Monica Sinclair (original) (raw)
From Wikipedia, the free encyclopedia
British operatic contralto (1925 - 2002)
Monica Sinclair (23 March 1925 – 7 May 2002) was a British operatic contralto, who sang many roles with the Royal Opera, Covent Garden during the 1950s and 1960s, and appeared on stage and in recordings with Dame Joan Sutherland, Luciano Pavarotti, Maria Callas, Sir Thomas Beecham, Sir Malcolm Sargent and many others. She had a great gift for comedy, and sang in recordings of many of the Gilbert and Sullivan operettas, as well as in recordings from the standard operatic repertory.
Monica Sinclair was born on 23 March 1925, in Evercreech, Somerset. Her music studies were at the Royal Academy of Music. She made her debut with the Carl Rosa Opera Company in 1948, singing Suzuki in Puccini's Madama Butterfly. Her Covent Garden debut came in 1949, as the Second boy in Mozart's The Magic Flute. Her early Covent Garden roles included Maddalena (Rigoletto), Mrs Sedley (Peter Grimes), Feodor (Boris Godunov), Rosette (Manon), Flosshilde (Das Rheingold), Siegrune (Die Walküre), Azucena (Il trovatore), Pauline (The Queen of Spades), Mercedes (Carmen) and the Voice of Antonia's Mother (The Tales of Hoffmann). She can be heard as the voice of Nicklaus in the 1951 Powell and Pressburger film The Tales of Hoffmann.[1]

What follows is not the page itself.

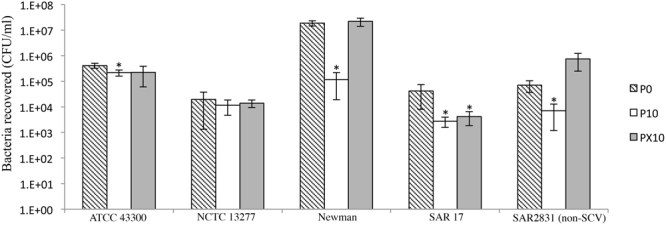 Staphylococcus aureus can develop a small colony variant (SCV) phenotype in response to sub-lethal exposure to the biocide triclosan. In the current study, whole genome sequencing was performed and changes in virulence were investigated in five Staphylococcus aureus strains following repeated exposure to triclosan. Following exposure, 4/5 formed SCV and exhibited point mutations in the triclosan target gene fabI with 2/4 SCVs showing mutations in both fabI and fabD. The SCV phenotype was in all cases immediately reversed by nutritional supplementation with fatty acids or by repeated growth in the absence of triclosan, although fabI mutations persisted in 3/4 reverted SCVs. Virulence, determined using keratinocyte invasion and Galleria mellonella pathogenicity assays was significantly (p < 0.05) attenuated in 3/4 SCVs and in the non-SCV triclosan-adapted bacterium. Proteomic analysis revealed elevated FabI in 2/3 SCV and down-regulation in a protein associated with virulence in 1/3 SCV. In summary, attenuated keratinocyte invasion and larval virulence in triclosan-induced SCVs was associated with decreases in growth rate and virulence factor expression. Mutation occurred in fabI, which encodes the main triclosan target in all SCVs and the phenotype was reversed by fatty acid supplementation, demonstrating an association between fatty acid metabolism and triclosan-induced SCV.

She made her Glyndebourne debut in 1954 in the comic role of Ragonde in the first British performance of Rossini's Le comte Ory. There she also sang Berta (The Barber of Seville), Marcellina (The Marriage of Figaro), Dryade (Ariadne auf Naxos), and Queen Henrietta (I puritani, with Dame Joan Sutherland). In 1965, she appeared in a television version of The Rise and Fall of the City of Mahagonny on BBC2 as Mrs Begbick.[2]
Returning to Covent Garden in 1959/60, Sinclair added some new roles to her repertoire – Annina (Der Rosenkavalier, in Georg Solti's Covent Garden début, with Dame Elisabeth Schwarzkopf and Sena Jurinac), Bradamante (Alcina, directed and designed by Franco Zeffirelli, with Dame Joan Sutherland in the title role), Theodosia (Die schweigsame Frau), the Old Prioress (Dialogues des Carmélites), Marfa (Khovanshchina), Emilia (Otello) and the Marquise de Birkenfeld (La fille du régiment, with Sutherland and Luciano Pavarotti). She also sang the Marquise at the Metropolitan Opera, New York.[3]
Her other international appearances included the title role in Lully's Armide at Bordeaux in 1955.[4]
Monica Sinclair created a number of roles (at Covent Garden unless indicated):
- 1951: Heavenly Body in Ralph Vaughan Williams' The Pilgrim's Progress
- 1952: Margret in the British stage premiere of Alban Berg's Wozzeck (under Erich Kleiber, who had conducted the world premiere in Berlin)[4]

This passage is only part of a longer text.